L’écriture et l’enregistrement des chansons pour mes nouveaux albums est complètement différent de ce que j’ai pu faire dans le passé. J’ai compris la valeur thérapeuthique de faire des choses qui font parties de moi. J’étais nerveux d’en parler comme ça avant parce qu’il y a toujours ce côté anglais de ne pas trop se prendre au sérieux. Mais je crois sincèrement que la chose la plus constructive que je puisse faire maintenant est d’essayer d’être un bon auteur compositeur. Je ne crois pas l’être aujourd’hui. Mais je m’en rapproche. Le potentiel existe. Et la façon dont je vais y arriver c’est en prenant toute cette énergie gaspillée à essayer de devenir plus célèbre et plus populaire et de tout mettre dans mon travail. Je dois avoir le cran de prendre tout ce qu’il y a à l’intérieur de moi et de sortir tout ça.

 

J’étais capable de m’apitoyer sur mon sort  pendant de longues périodes de ma vie quand il y avait des choses qui n’allaient pas. Quand ça revient maintenant, je pense plutôt à ce que j’ai. Vous avez juste à traverser la rue pour voir le désespoir chez les gens, vous avez juste à regarder certains visages pour voir combien ils sont fatigués. On ne pas oublier ses problèmes mais je peux juste les comparer à ceux des autres et comprendre qu’ils ne sont pas si difficiles à gérer.

 

Je peux toujours être blessé mais j’essaye de garder ces sentiments à leur place, je ne les laisses pas m’envahir comme à une époque. Ces irruptions d’émotions et de faiblesse ont leur place. Je fais avec. Et faire avec est beaucoup plus facile pour moi que pour beaucoup d’autres personnes.

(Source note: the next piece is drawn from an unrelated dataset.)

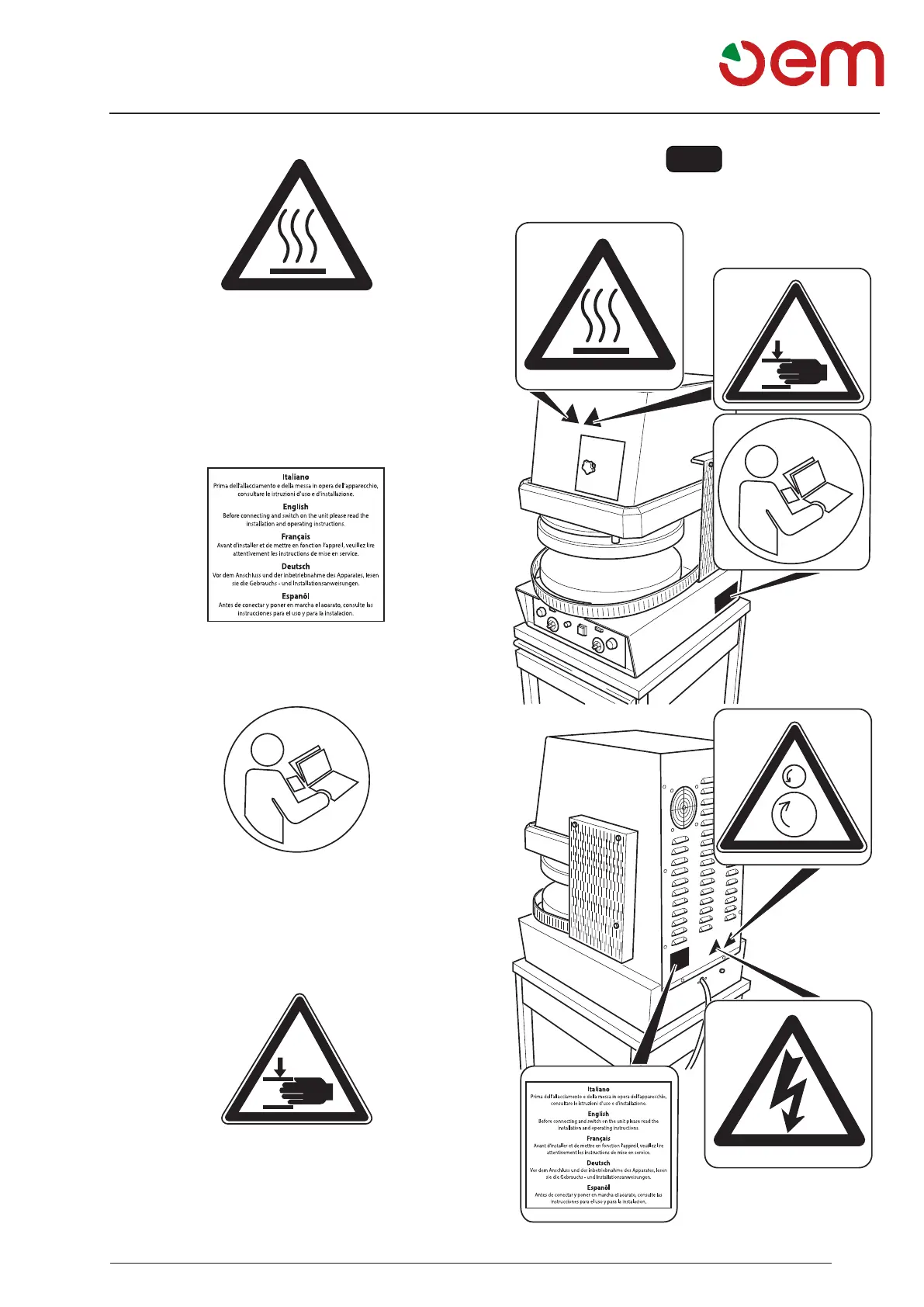 der Steuertafel und weist auf die Quetschgefahr für

Les choses qui m’abattent – comme le manque de liberté ou avoir une bonne relation ou vouloir revoir une ancienne relation – peuvent seulement prendre une certaine partie de mon énergie ces jours ci, alors qu’avant, elles en prenaient presque tout.

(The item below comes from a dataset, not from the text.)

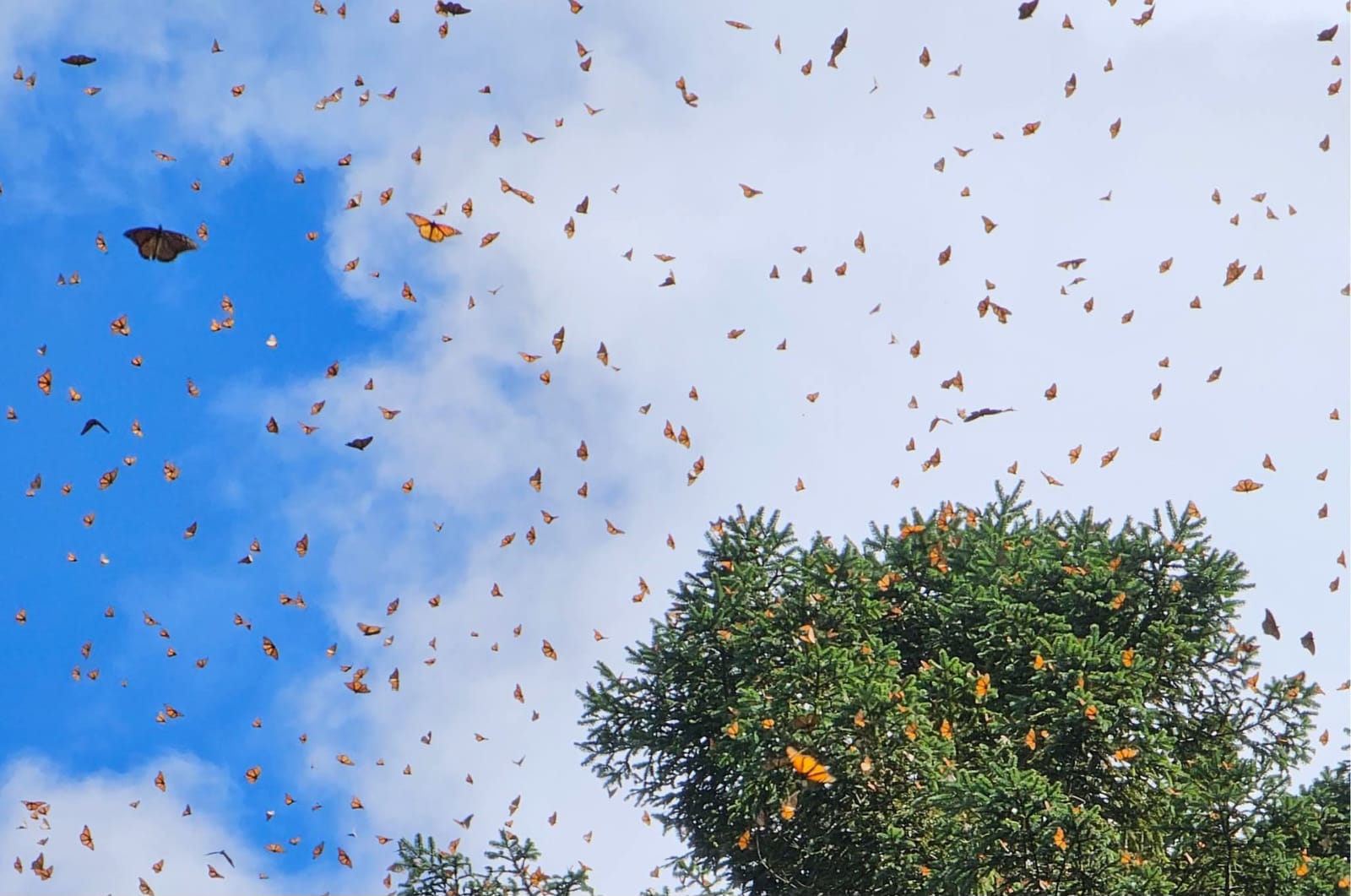 Como parte de las actividades, participaron en una práctica de monitoreo realizada en el Santuario “El Rosario”, en Michoacán, donde tuvieron la oportunidad de observar colonias ya formadas.

Manifestement, ce qui manque dans ma vie, c’est une relation stable. Mais je ne me réveille pas en souhaitant partager ma vie avec quelqu’un. J’ai changé. Il y a 2 ou 3 ans, quand je voyais de jeunes gars avec leurs enfants dans les parcs, j’avais cette incroyable sensation d’envie. C’est parti. Je ne sais pas pourquoi mais c’est fini. Peut-être cela vient-il du fait de vivre seul pendant des années. A un certain moment de ma vie, ça m’aurait inquiété. Maintenant j’en suis au point ou je suis presque inquiet de ne plus y penser. Je me suis tellement habitué à une vie seul – depuis 5 ou 6 ans – que j’ai du mal à m’imaginer vivant avec quelqu’un, partager mon espace .

 

Je ne peux imaginer vivre avec quelqu’un. Je devrais normalement penser, c’est normal, on dit ça jusqu’à ce qu’on rencontre la bonne personne, mais j’ai le sentiment horrible qu’une partie de mon plaisir à vivre seul et que mon besoin d’intimité est beaucoup plus grand que chez la plupart des gens. Ca n’aurait pas d’importance si demain je rencontrai quelqu’un et tombait éperdument amoureux et que ce serait réciproque, mais je serai toujours George Michael pour cette personne. Et même si elle allait en dessous de ça, une partie d’elle me verrait toujours comme George Michael.

 

Et je ne le supporte pas. J’ai vraiment besoin d’être loin de George Michael la plupart du temps.